Let x34 of type ι → ι be given.
Let x35 of type ι → ι → ο be given.
Let x36 of type ι → ι be given.
Let x37 of type ι → ι → ο be given.
Let x38 of type ι → ι → ι → ι → ι be given.
Let x39 of type ι → ι → ι → ι → ι be given.

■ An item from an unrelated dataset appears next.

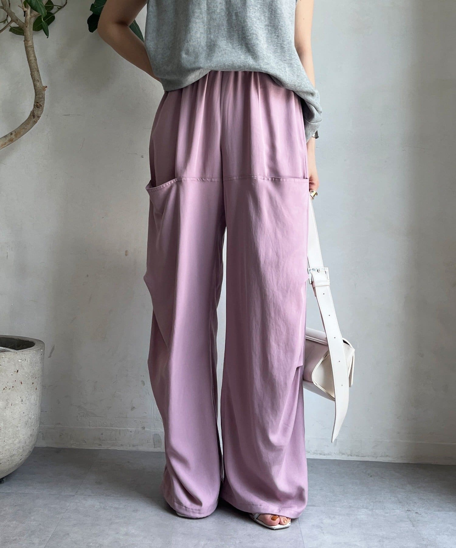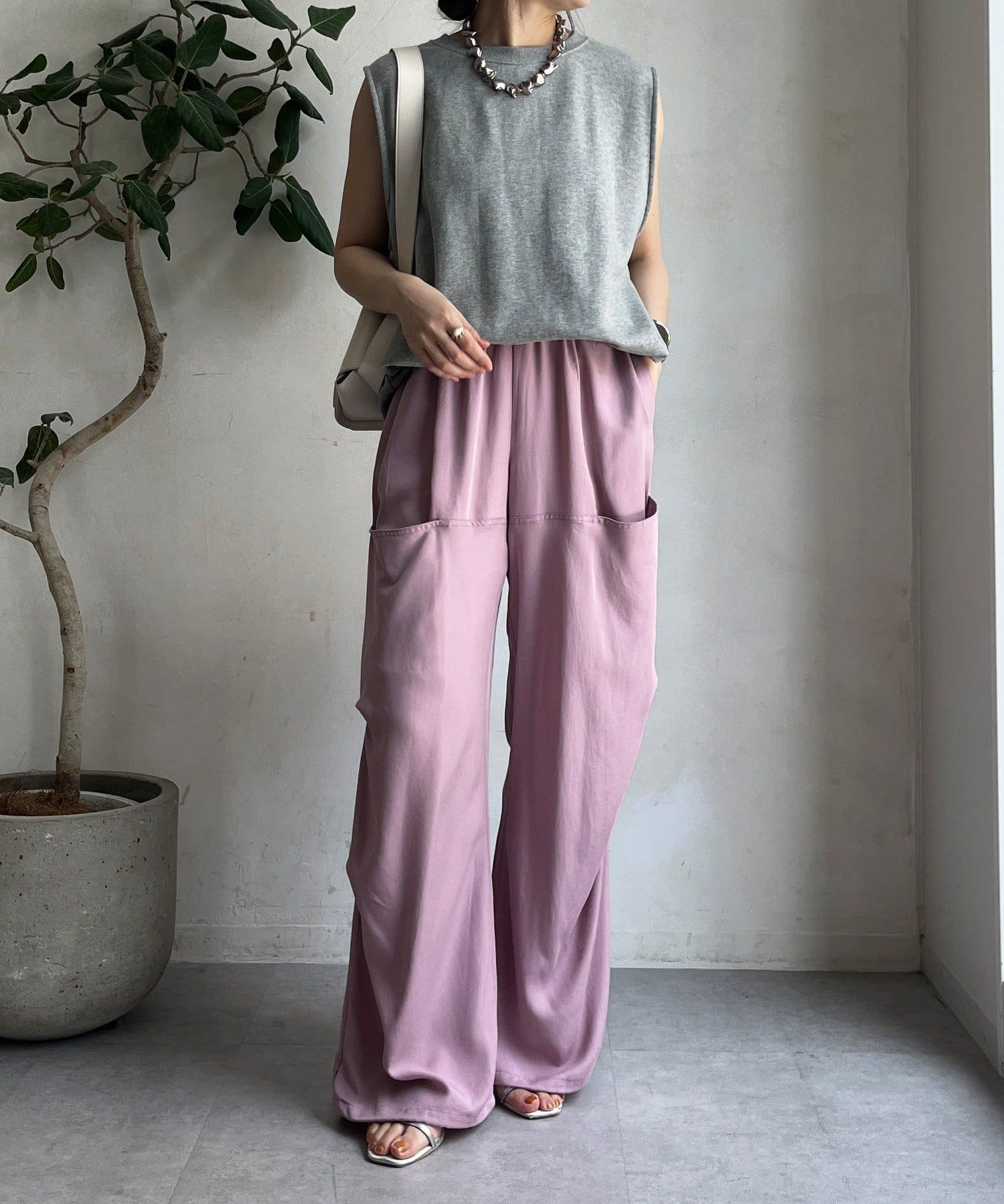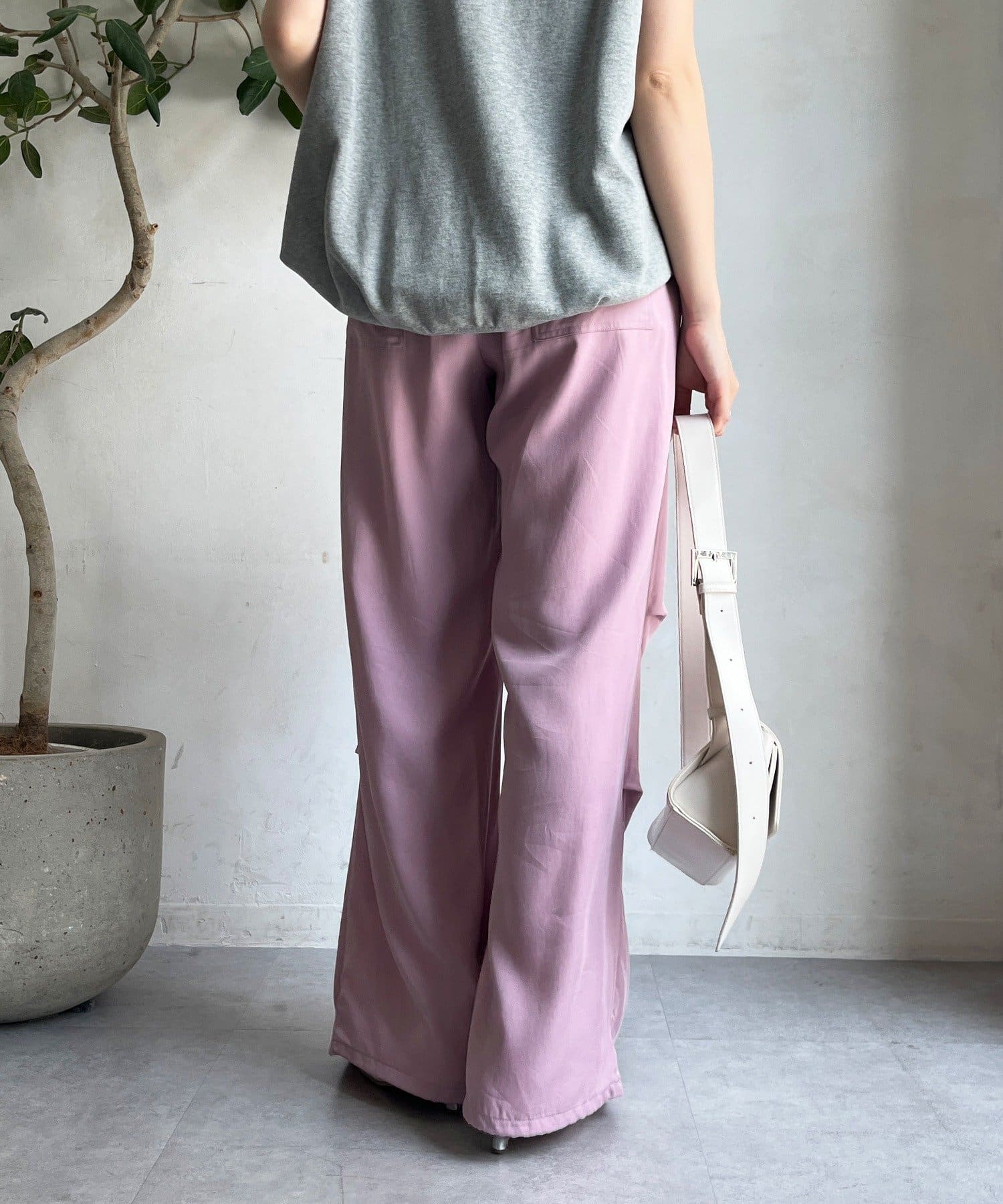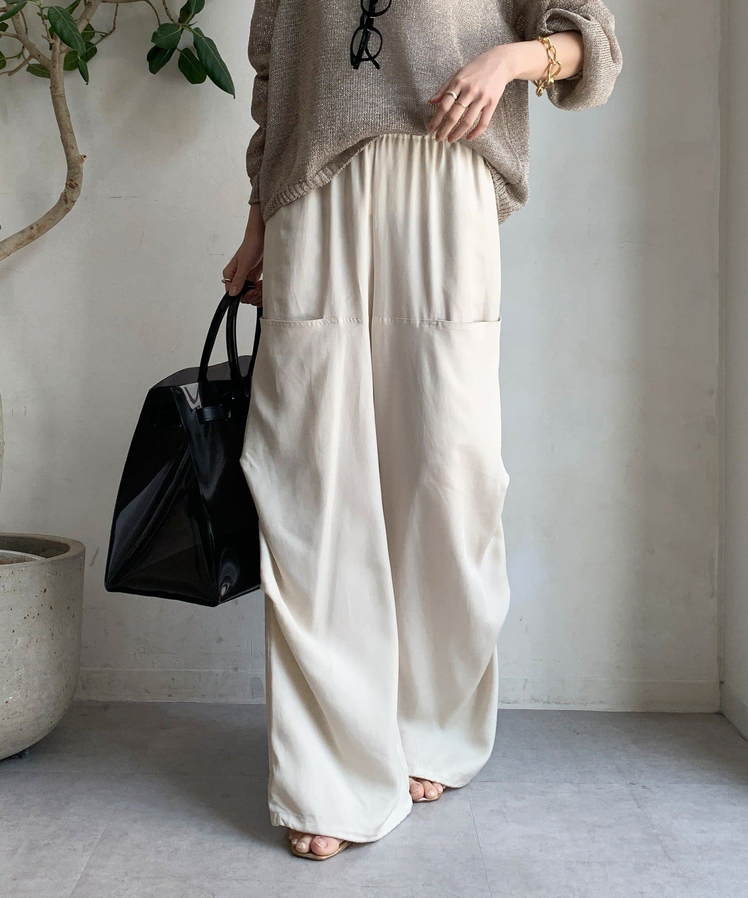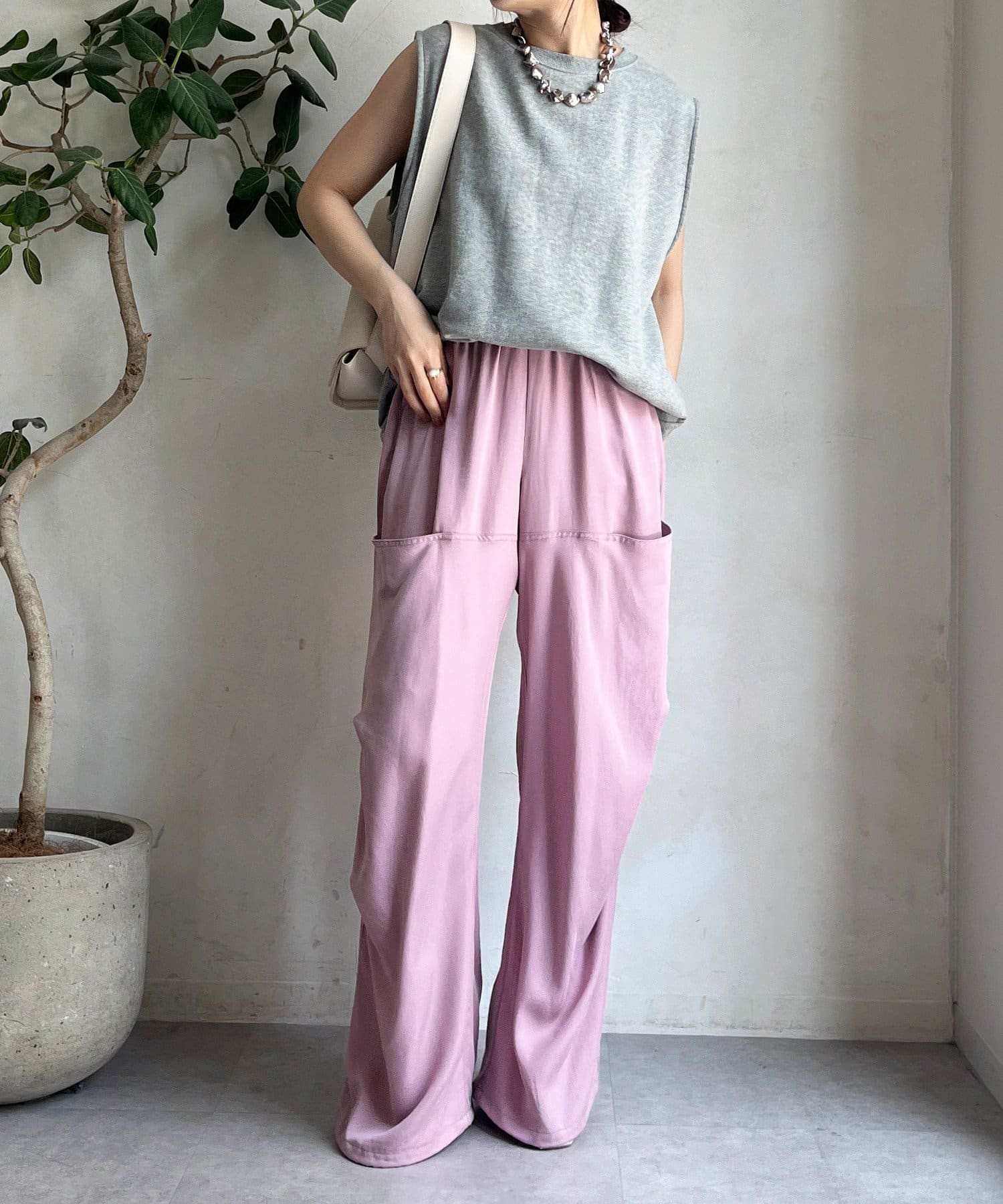 太すぎないストレートのようなシルエットに、サイドのポケットとタックがポイント。

Let x40 of type ι → ι be given.
Let x41 of type ι → ο be given.
Let x42 of type ι → ι → ο be given.
Let x43 of type ι → ι be given.
Let x44 of type ι → ι → ο be given.
Let x45 of type ι → ι be given.
Let x46 of type ι → ι → ι → ο be given.
Let x47 of type ι → ι → ι be given.
Let x48 of type ι → ι → ι → ι be given.
Let x49 of type ι → ι → ι → ο be given.
Let x50 of type ι → ι be given.
Let x51 of type ι → ο be given.
Assume H5:
∀ x52 x53 x54 x55 . x51 x55 ⟶ x44 x52 (x43 x55) ⟶ x44 x54 (x50 x55) ⟶ x44 x53 (x45 (x43 x55)) ⟶ x46 x55 (x48 (x43 x55) x53 (x47 (x43 x55) x52)) x54 ⟶ (x49 x55 x52 x54 ⟶ False) ⟶ False.
Assume H6:
∀ x52 x53 x54 x55 . x51 x55 ⟶ x44 x52 (x43 x55) ⟶ x44 x54 (x50 x55) ⟶ x44 x53 (x45 (x43 x55)) ⟶ x46 x55 (x48 (x43 x55) x53 (x47 (x43 x55) x52)) x54 ⟶ (x46 x55 x53 x54 ⟶ False) ⟶ False.
Assume H7:
∀ x52 x53 x54 x55 . x51 x55 ⟶ x44 x52 (x43 x55) ⟶ x44 x54 (x50 x55) ⟶ x44 x53 (x45 (x43 x55)) ⟶ x46 x55 x53 x54 ⟶ x49 x55 x52 x54 ⟶ (x46 x55 (x48 (x43 x55) x53 (x47 (x43 x55) x52)) x54 ⟶ False) ⟶ False.
Assume H8:
∀ x52 x53 . x0 x53 ⟶ (x53 = x52 ⟶ False) ⟶ x0 x52 ⟶ False.
Assume H9:
∀ x52 x53 . x42 x52 x53 ⟶ x0 x53 ⟶ False.
Assume H10:
∀ x52 . x0 x52 ⟶ (x52 = x1 ⟶ False) ⟶ False.
Assume H11:
∀ x52 x53 x54 . x42 x52 x53 ⟶ x44 x53 (x45 x54) ⟶ x0 x54 ⟶ False.
Assume H12:
∀ x52 x53 x54 . x42 x53 x54 ⟶ x44 x54 (x45 x52) ⟶ (x44 x53 x52 ⟶ False) ⟶ False.
Assume H13:
∀ x52 x53 x54 x55 . x41 x55 ⟶ x51 x55 ⟶ x44 x54 (x43 x55) ⟶ x44 x52 (x43 x55) ⟶ x44 x53 (x40 x55) ⟶ (x54 = x52 ⟶ False) ⟶ x37 (x38 (x43 x55) x54 x52 (x39 x53 x52 x54 x55)) x55 ⟶ False.
Assume H14:
∀ x52 x53 x54 x55 . x41 x55 ⟶ x51 x55 ⟶ x44 x54 (x43 x55) ⟶ x44 x52 (x43 x55) ⟶ x44 x53 (x40 x55) ⟶ (x54 = x52 ⟶ False) ⟶ (x2 x55 (x39 x53 x52 x54 x55) x53 ⟶ False) ⟶ False.
Assume H15:
∀ x52 x53 x54 x55 . ... ⟶ ... ⟶ ... ⟶ ... ⟶ ... ⟶ ... ⟶ (x44 ... ... ⟶ False) ⟶ False.